When the Nicaraguan electorate goes to the polls this Sunday in presidential elections, incumbent president Daniel Ortega and the Sandinista Front for National Liberation (FSLN) party are almost guaranteed to win. Ortega has promised five more years of the same if returned to power—a dangerous prospect for Nicaraguan women and girls.
Nicaragua suffers epidemic levels of gender-based and sexual violence, and a 2006 ban on abortion has undermined advances in maternal health, putting thousands of women and girls at risk. Amnesty International (AI) is so concerned that it has targeted Nicaragua for a direct campaign in a wider region where women’s and girls’ rights regularly come head-to-head with entrenched machismo. Esther Major, Central America researcher at AI, says
The government is responding to the size of the problem, which is huge, with … absolute silence. […] The situation in El Salvador, for example, with regard to violence against women, is shocking, but the President and his wife are speaking out and making statements. This government in Nicaragua is refusing to address or even acknowledge the problem.
Nicaragua’s human-rights defenders face an ongoing battle to respond to the needs of so many women and girls. “Programmes that we had … for women and girls’ protection with previous government are no longer implemented,” says Juanita Jiménez Martínez, lawyer for the Autonomous Women’s Movement (MAM), one of the country’s leading feminist organizations.

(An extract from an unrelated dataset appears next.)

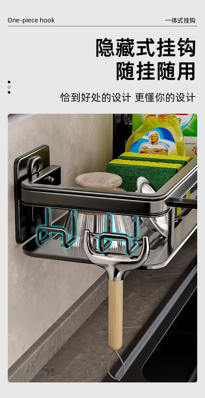 주방 랙 펀치 프리 스토리지 랙 벽걸이 가정용 서랍 스토리지 선반 싱크대 교수형 바구니 용품 인공물

In the past, the national police worked jointly with [women’s] organizations on gender based violence. But now they’re encouraged to work ‘for the family,’ to preserve the family… This means less protection for women, more authority for men. […] This is a step backwards.
Girls under 17 represent around two-thirds of reported rapes in Nicaragua, and actual incidents are probably much higher, as many girls only report the crime when they fall pregnant by their attacker. Those victims who might have sought an abortion until 2006 now often feel pushed to take devastating measures. “In 2008, the maternal mortality statistics showed high suicide rates,” says Major. “The biggest killer of teenage girls who were pregnant was poison.”
Why is Nicaragua, with a strong feminist movement and some of the most progressive legislation in the region, letting down the female population so badly?
Firstly, there is a powerful, conservative element in the country that lobbied in 2006 for the all-out ban on abortion, gaining exceptional and lasting influence in policy making. Jiménez Martínez also points to allegations in the late 1990s that Ortega had committed years of sexual abuse against his stepdaughter, Zoilamérica Narváez. ‘To talk about sexual abuse in Nicaragua is to talk against Daniel Ortega,” she told me. Members of the women’s movement rallied around Narváez at the time, and since Ortega took the 2006 presidency, women and girls’ rights have dropped off the agenda and women’s organizations have been subjected to arbitrary state scrutiny and smear campaigns in state-owned media.
Five more years of “Ortegismo” may pose a major challenge to women and girls in Nicaragua, but the feminist and human-rights movement will fight to fill in the chasm left by the state in combating violence against women and girls. And a new generation of rights defenders is springing up, such as 24-year-old Fátima Hernández, who has spent the past two years fighting for justice after being raped by a coworker—challenging a culture of impunity that prevails for sexual crime. Last year she set up an organization, The Association of Women for Critical Thinking, to provide legal and psychological support to victims of sexual violence.
Hernández and a tiny team of volunteers, including her family, work out of a bare office in downtown Managua, scouring the news for stories of victims of gender-based violence to approach and support. They have almost no money, and Hernández has endured threats and abuse for her work, but she is determined that her experience will help others through the trauma of sexual violence. She says,
[I will] always work to defend the rights and dignity of women and girls in my country, particularly those who have been victims of violence and abuse. It’s for this that I want to keep the Association moving forward. I’ve invested so much in establishing it, and I am starting to see now how we can respond to victims.